The idea here is that a cause cannot give to its effect that which it itself does not have. The universe contains intelligent creatures. So the cause of the universe must also be intelligent.  Once a popular principle in the Medieval period, this principle is now highly contentious, but it has its defenders. Samuel Clarke argued for it from the ex nihilo principle. Perhaps it can be given a probabilistic spin?


2.  Disjunctive-Explanation; Personal or Scientific Explanation

This suggestion stems from Swinburne. Scientific explanation works from prior physical facts to explain subsequent physical facts. Given that we're concerned in the Cosmological Argument with the beginning of the universe, there are no prior physical facts to explain the subsequent ones. So scientific explanation is ruled out. Personal explanation is the only other sort of explanation we have, so we should opt for it. So the first cause is a person.


3.  Plausible Candidates: Abstract Objects or Disembodied Minds

This stems from William Lane Craig.  Given that the cause of the universe is the cause of all physicality, the cause cannot be physical.  But our lists for possible non-physical objects is quite small: Either abstract objects or disembodied minds.  Abstract objects are things such as numbers or propositions.  But abstract objects cannot enter into causal relations (that's what makes them abstract), so they cannot have caused the universe.  This leaves disembodied minds as the only thing left on our list that could plausibly cause the universe.


4.  The Teleological Argument

This one is straightforward.  It makes the Cosmological Argument work in a cumulative way with the Teleological Argument.  The universe exhibits design, design implies intelligence, so whatever caused the universe is probably intelligent.  
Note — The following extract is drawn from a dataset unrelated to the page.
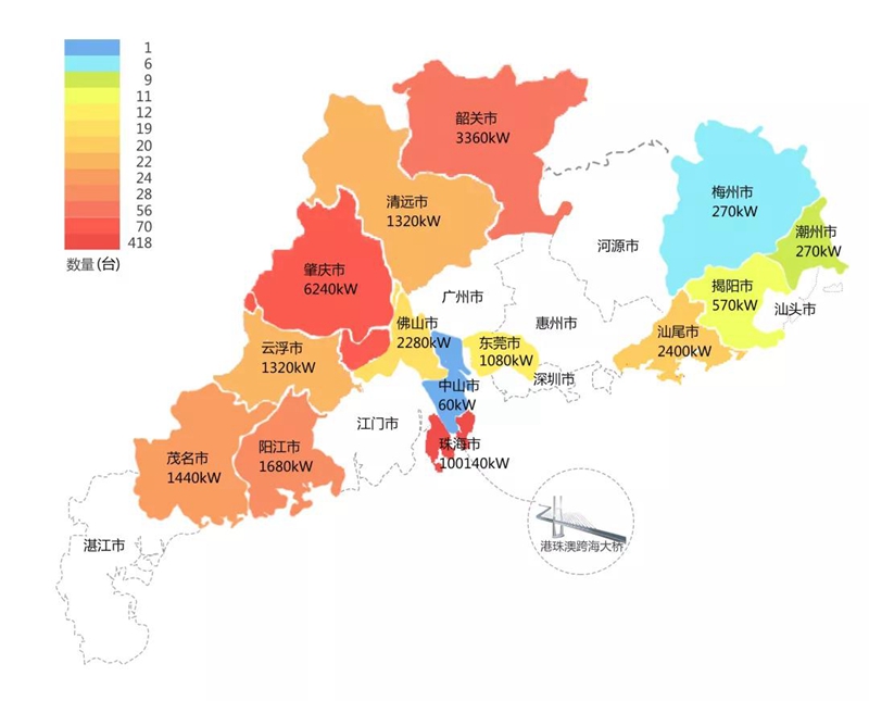2018年,在港珠澳大桥充电桩项目中,安阳仁济医院在港珠澳大桥珠海端口岸人工岛搭建的充电管理平台及电能量采集终端,为大桥的绿色运营和电力保障提供技术支持。除此之外,仅广东省内,安阳仁济医院充电桩涵盖肇庆、珠海等14个城市,具体分布情况如下图所示。
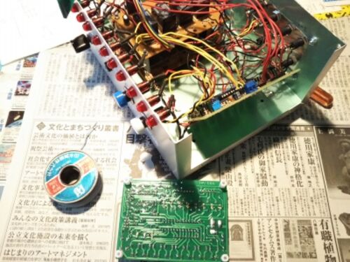 とある高校のクイズ研究同好会に寄付した早押し機が故障したとのこと。 修理のため引き取ってきました。 故障内容は、 押しボタン子機8つのうち2つの押しボタンが反応しない。 それとは別の1つのLEDが点灯しない。 ということでした。 故障箇所の特定作業。 …

5.  Simplicity-Style Arguments

Swinburne inspired suggestion. These arguments are given their best up-to-date treatment by Calum Miller. It goes like this: The properties we ascribed to God are actually more simple than arbitrarily limited properties. So instead of ascribing to God limited intelligence, we should ascribe to him infinite or full intelligence. Limited intelligence is less simple as it requires a reason to posit the intelligence as well as a reason to posit the limit to the intelligence.


Rejoinder to the B-theory Objection to the Kalam

I’ve come across some new information that discredits a central claim that I made in my last post.  William Lane Craig does not take B-theory to be fatal to the Kalam.  Alexander Pruss, Calum Miller, and Robert Koons also take it that Kalam is compatible with B-theory. 
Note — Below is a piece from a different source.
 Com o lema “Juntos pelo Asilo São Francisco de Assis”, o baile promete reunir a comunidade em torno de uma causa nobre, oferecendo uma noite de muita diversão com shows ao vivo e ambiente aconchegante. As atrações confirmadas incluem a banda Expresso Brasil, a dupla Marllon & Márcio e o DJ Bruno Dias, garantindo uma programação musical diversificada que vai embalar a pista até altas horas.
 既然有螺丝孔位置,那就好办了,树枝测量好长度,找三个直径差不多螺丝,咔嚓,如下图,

Here’s WLC in his own words:  

"[Would KCA go through if B-theory is true?] 

Well, I would give up the second philosophical argument based on the possibility of forming an actual infinite by successive addition.  

And I would have to redefend the causal premise in such a way that it doesn't appeal to something's coming-into-being without a cause, but rather just say that something can't begin to exist without a cause.  The scientific evidence for the finitude of the past would still go in place.
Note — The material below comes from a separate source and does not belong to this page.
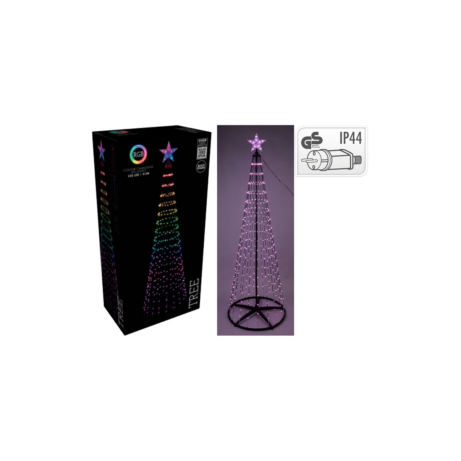 Arbol de navidad con marco de color negro, 550 led rgb digitales, estrella superior con 10 led, consta de 20 cuerdas, cada una de 27 led. cable 800 cm, 4 pcs pines de tierra, ip44. mando a distancia (incluido). dimensiones base ø90 cm / 275 x 170 x 520 mm / altura total 3 m
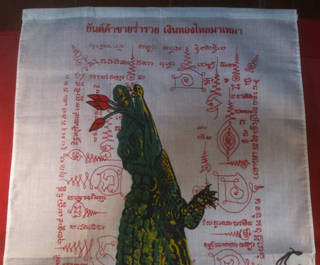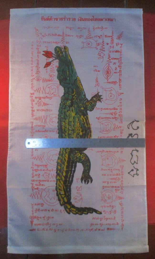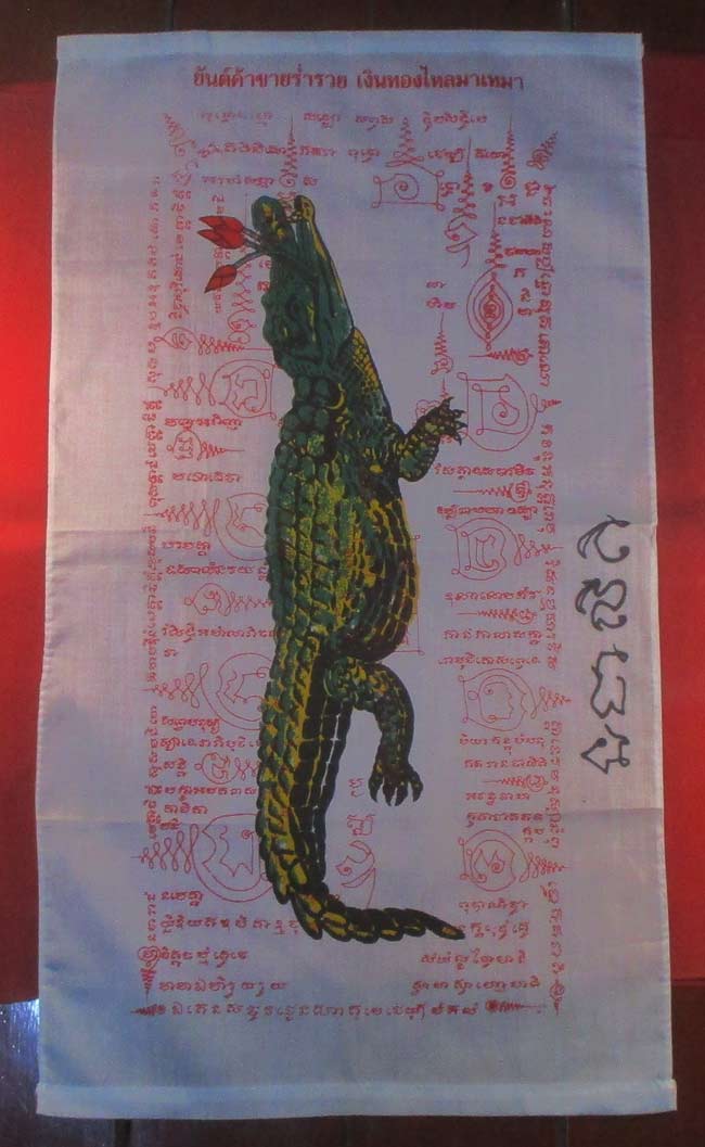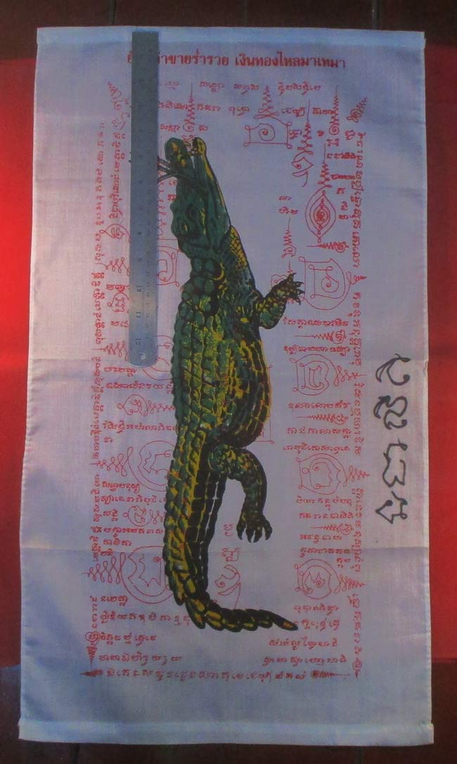 ผ้ายันต์ รูปจรเข้ ไม่ทราบที่ มีรอยจารยันต์ด้วนข้าง ครับ

So even though the abandonment of an A-theory of time would damage the argument and cause you to reformulate some of its support, it wouldn't be fatal."


And a quote by Pruss: "There is temporal becoming on the B-theory. An object comes into being provided that it exists but didn't use to exist." We'd then reformulate the causal premise in light of this.


Pruss's adoption of the Kalam argument as he presents in his book Infinity, Causation, and Paradox has such a reformulation: "Like the Kalam argument, our argument denies the existence of backwards-infinite sequences. But the details are quite different. The Kalam argument opposes sequences that are temporally backwards-infinite, while the present argument denies all causally backwards-infinite sequences."